祁安握着刚刚揉过他腰的指尖,余温未散,温柔却带强势:
“他会主动靠我,是你们永远抢不走的下意识。”
温明月挑眉,笑意凉薄:
“他会脸红躲闪、会心跳慌乱,只吃我的撩拨。你们谁都替代不了。”
不渝目光执拗,声音轻却坚定:
“他安静、放空、最松弛的模样,只愿意留给我。”
宸苑气场压过所有人,沉声道:
“他最后安稳入睡、彻底放下戒备的归宿,永远是我。
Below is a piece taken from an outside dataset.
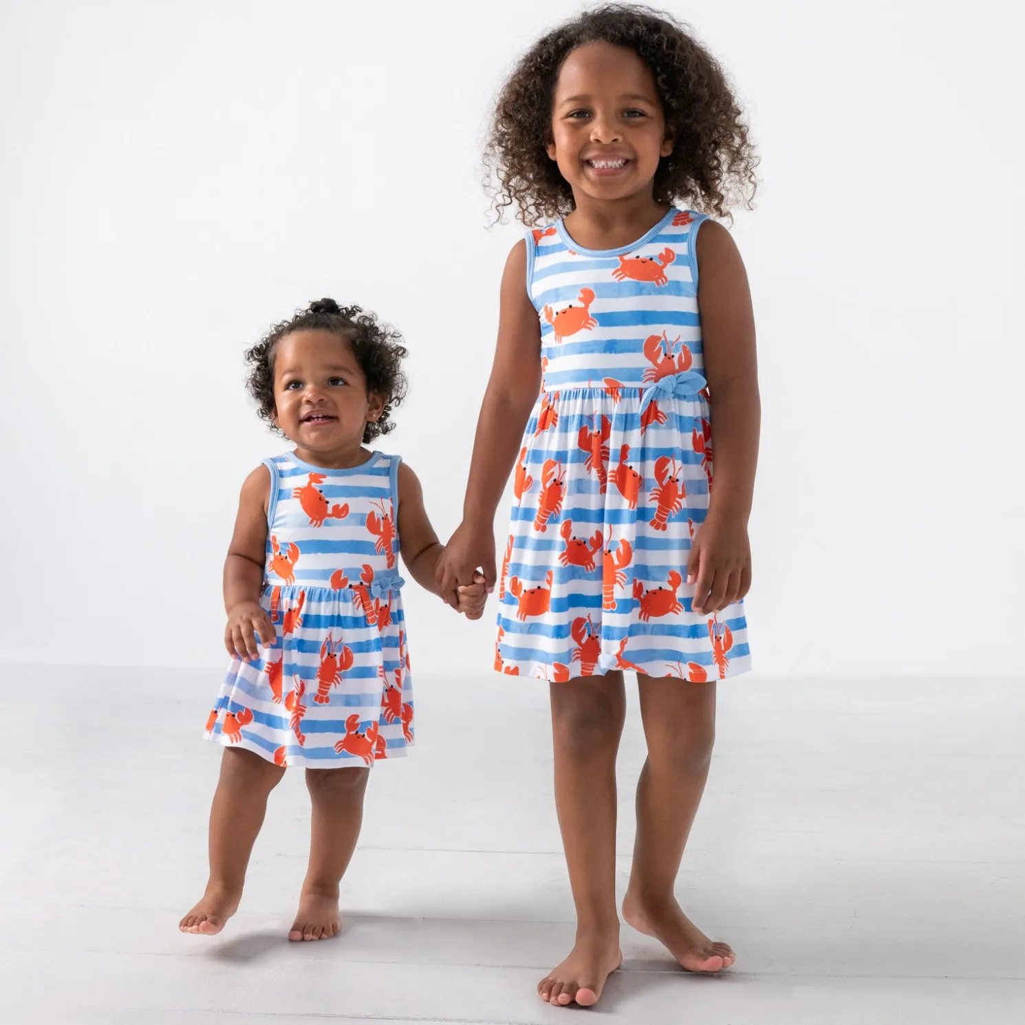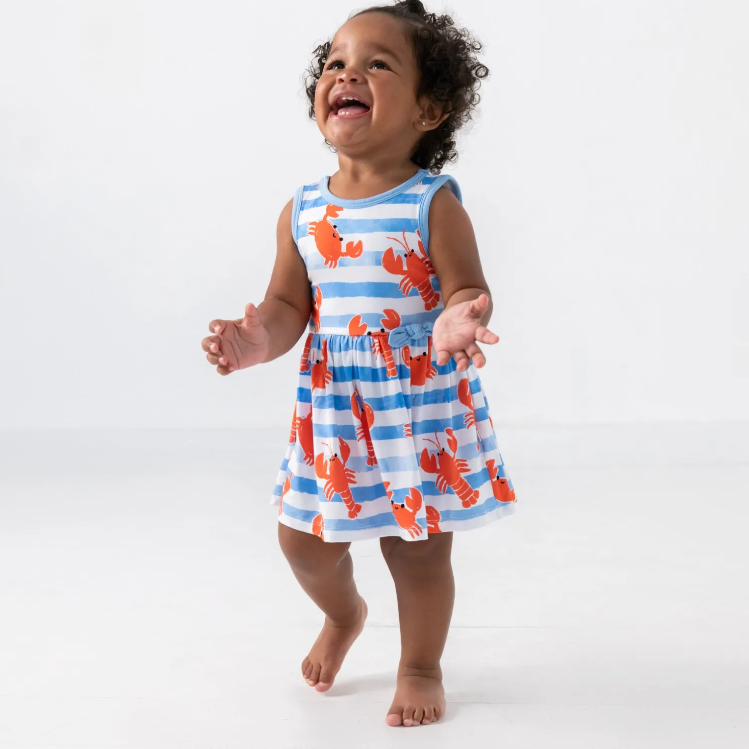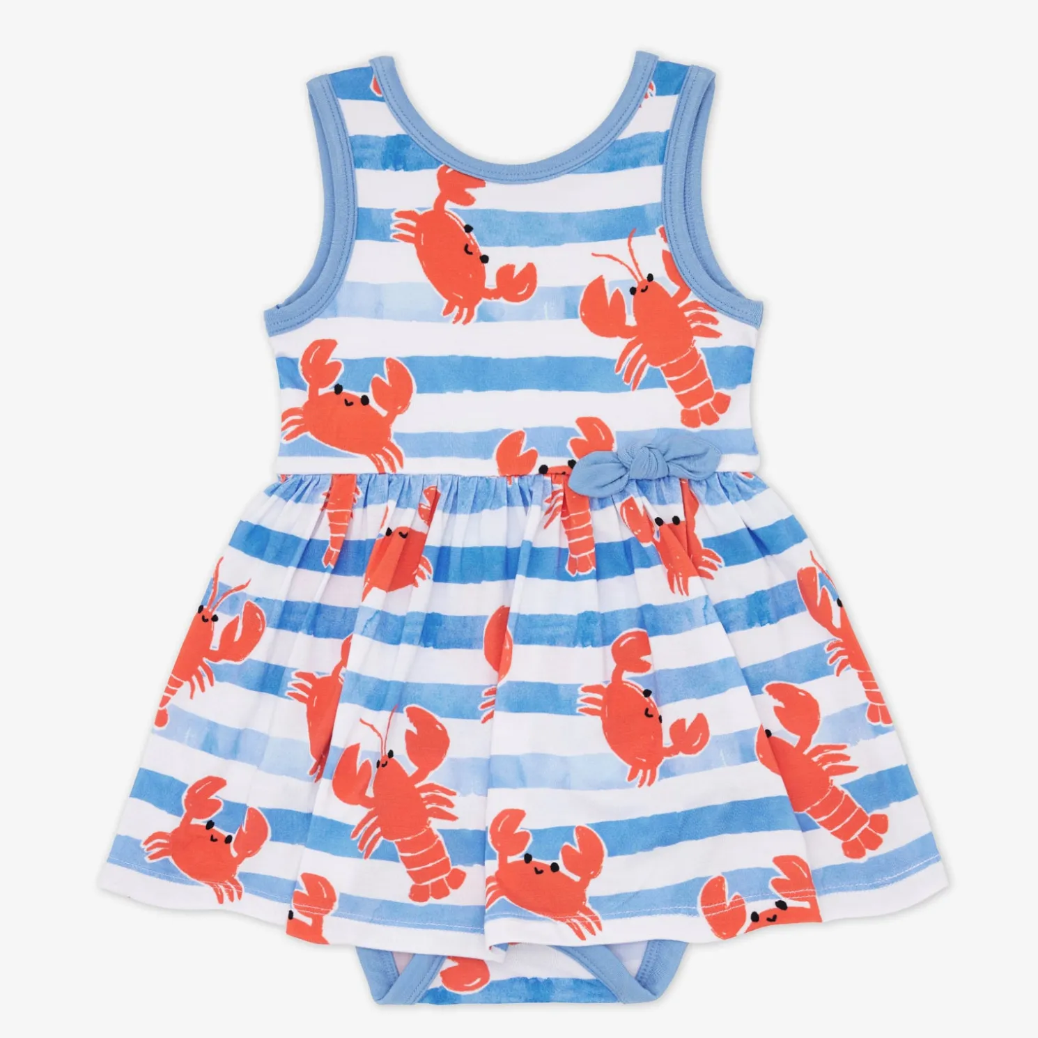 Crabby never looked so cute! The Crustacean Crew Skater Dress is made from durable and soft Soluxe® Bamboo — perfect for crawling or cuddles! With a built-in snappable bodysuit and straight-across hem that shows off every smiling crab and lobster, this Play-ready piece brings a pinch of fun to sibling matching moments or special occasions.

”
四份占有,四份底气,四份不肯退让的喜欢。
全部撞在一处。
而被四人目光死死锁住、夹在正中心的钟汶咎——
彻底懵了。
他站在原地,脸颊通红,心口乱得发疼、发软、发慌。
第一次清清楚楚看见。
他们四个,根本无法共存。
他们温柔可以平分,陪伴可以轮流,独处可以排班。
唯独他,谁都不肯共享。
谁都想做他的唯一偏爱。
谁都不甘心只拥有他四分之一。
钟汶咎指尖轻轻发抖,小声嗫嚅:
“你们……别这样……”
他太乖、太软、太懵懂。
哪怕亲眼看见这场窒息的修罗场,依旧舍不得任何一个人难过。
他想哄祁安、想安抚温明月、想陪不渝、想依赖宸苑。
可他越这样,四人眼底的执念越疯。
祁安看着他心软犹豫的样子,眼底翻涌贪恋:“你看,你最心软的是我。”
温明月看着他慌乱害羞的模样,喉结滚动:“你最招架不住的是我。”
不渝看着他不知所措的模样,轻声固执:“你最安心的是我。”
宸苑看着他彻底无措的模样,低声笃定:“你最归宿的是我。”
训练室的风,安静又滚烫。
五个人的气氛,黏糊、窒息、暧昧、拉扯到极致。
没人再说话。
只有四份汹涌、偏执、再也藏不住的爱意,在密闭空间里疯狂冲撞。
钟汶咎垂着眼,心跳乱得一塌糊涂。